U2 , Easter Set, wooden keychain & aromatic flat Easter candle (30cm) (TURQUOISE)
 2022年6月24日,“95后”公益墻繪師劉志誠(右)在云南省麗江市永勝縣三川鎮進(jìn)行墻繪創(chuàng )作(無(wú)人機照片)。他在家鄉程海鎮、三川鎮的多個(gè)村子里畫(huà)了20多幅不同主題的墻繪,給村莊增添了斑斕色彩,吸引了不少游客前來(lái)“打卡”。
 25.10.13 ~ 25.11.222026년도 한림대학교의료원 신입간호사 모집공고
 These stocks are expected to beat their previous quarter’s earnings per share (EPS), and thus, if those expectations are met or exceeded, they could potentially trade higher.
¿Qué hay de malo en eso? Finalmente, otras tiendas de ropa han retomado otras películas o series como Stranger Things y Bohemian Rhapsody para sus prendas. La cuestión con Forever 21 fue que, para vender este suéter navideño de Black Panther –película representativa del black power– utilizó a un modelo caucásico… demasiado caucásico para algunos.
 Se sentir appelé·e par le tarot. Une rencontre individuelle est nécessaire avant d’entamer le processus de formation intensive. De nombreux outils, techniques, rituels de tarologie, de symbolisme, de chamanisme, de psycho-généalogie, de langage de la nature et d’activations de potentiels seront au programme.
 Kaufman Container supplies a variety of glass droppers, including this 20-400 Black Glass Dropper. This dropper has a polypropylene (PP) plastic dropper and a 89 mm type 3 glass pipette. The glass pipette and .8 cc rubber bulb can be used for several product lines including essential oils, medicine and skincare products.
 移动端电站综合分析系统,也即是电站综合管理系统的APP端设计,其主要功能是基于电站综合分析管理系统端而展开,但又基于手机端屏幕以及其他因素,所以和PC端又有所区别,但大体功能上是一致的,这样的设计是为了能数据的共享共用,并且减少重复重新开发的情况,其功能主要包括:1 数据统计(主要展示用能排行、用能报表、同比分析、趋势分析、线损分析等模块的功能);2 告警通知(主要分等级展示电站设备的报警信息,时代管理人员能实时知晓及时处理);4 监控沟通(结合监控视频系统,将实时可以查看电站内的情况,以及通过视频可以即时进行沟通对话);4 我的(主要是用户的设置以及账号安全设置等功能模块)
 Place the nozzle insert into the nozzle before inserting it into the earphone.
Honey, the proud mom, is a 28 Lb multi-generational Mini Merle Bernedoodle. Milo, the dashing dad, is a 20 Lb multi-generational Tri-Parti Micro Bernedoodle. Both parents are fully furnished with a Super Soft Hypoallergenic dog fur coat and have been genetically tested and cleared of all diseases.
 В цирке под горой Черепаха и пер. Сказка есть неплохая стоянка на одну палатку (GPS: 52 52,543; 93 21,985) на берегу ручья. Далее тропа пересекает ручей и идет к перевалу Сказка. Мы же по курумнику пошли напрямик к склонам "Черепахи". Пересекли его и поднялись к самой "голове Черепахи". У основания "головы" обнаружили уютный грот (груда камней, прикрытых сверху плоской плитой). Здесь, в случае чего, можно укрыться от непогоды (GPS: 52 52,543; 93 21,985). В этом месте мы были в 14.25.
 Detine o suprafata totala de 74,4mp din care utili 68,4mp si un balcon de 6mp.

++++++++++++++++++++

Each record should be given again exactly as it reads.

> RESULT:
U2 , Easter Set, wooden keychain & aromatic flat Easter candle (30cm) (TURQUOISE)
 2022年6月24日,“95后”公益墻繪師劉志誠(右)在云南省麗江市永勝縣三川鎮進(jìn)行墻繪創(chuàng )作(無(wú)人機照片)。他在家鄉程海鎮、三川鎮的多個(gè)村子里畫(huà)了20多幅不同主題的墻繪,給村莊增添了斑斕色彩,吸引了不少游客前來(lái)“打卡”。
 25.10.13 ~ 25.11.222026년도 한림대학교의료원 신입간호사 모집공고
 These stocks are expected to beat their previous quarter’s earnings per share (EPS), and thus, if those expectations are met or exceeded, they could potentially trade higher.
¿Qué hay de malo en eso? Finalmente, otras tiendas de ropa han retomado otras películas o series como Stranger Things y Bohemian Rhapsody para sus prendas. La cuestión con Forever 21 fue que, para vender este suéter navideño de Black Panther –película representativa del black power– utilizó a un modelo caucásico… demasiado caucásico para algunos.
 Se sentir appelé·e par le tarot. Une rencontre individuelle est nécessaire avant d’entamer le processus de formation intensive. De nombreux outils, techniques, rituels de tarologie, de symbolisme, de chamanisme, de psycho-généalogie, de langage de la nature et d’activations de potentiels seront au programme.
 Kaufman Container supplies a variety of glass droppers, including this 20-400 Black Glass Dropper. This dropper has a polypropylene (PP) plastic dropper and a 89 mm type 3 glass pipette. The glass pipette and .8 cc rubber bulb can be used for several product lines including essential oils, medicine and skincare products.
 移动端电站综合分析系统,也即是电站综合管理系统的APP端设计,其主要功能是基于电站综合分析管理系统端而展开,但又基于手机端屏幕以及其他因素,所以和PC端又有所区别,但大体功能上是一致的,这样的设计是为了能数据的共享共用,并且减少重复重新开发的情况,其功能主要包括:1 数据统计(主要展示用能排行、用能报表、同比分析、趋势分析、线损分析等模块的功能);2 告警通知(主要分等级展示电站设备的报警信息,时代管理人员能实时知晓及时处理);4 监控沟通(结合监控视频系统,将实时可以查看电站内的情况,以及通过视频可以即时进行沟通对话);4 我的(主要是用户的设置以及账号安全设置等功能模块)
 Place the nozzle insert into the nozzle before inserting it into the earphone.
Honey, the proud mom, is a 28 Lb multi-generational Mini Merle Bernedoodle. Milo, the dashing dad, is a 20 Lb multi-generational Tri-Parti Micro Bernedoodle. Both parents are fully furnished with a Super Soft Hypoallergenic dog fur coat and have been genetically tested and cleared of all diseases.
 В цирке под горой Черепаха и пер. Сказка есть неплохая стоянка на одну палатку (GPS: 52 52,543; 93 21,985) на берегу ручья. Далее тропа пересекает ручей и идет к перевалу Сказка. Мы же по курумнику пошли напрямик к склонам "Черепахи". Пересекли его и поднялись к самой "голове Черепахи". У основания "головы" обнаружили уютный грот (груда камней, прикрытых сверху плоской плитой). Здесь, в случае чего, можно укрыться от непогоды (GPS: 52 52,543; 93 21,985). В этом месте мы были в 14.25.
 Detine o suprafata totala de 74,4mp din care utili 68,4mp si un balcon de 6mp.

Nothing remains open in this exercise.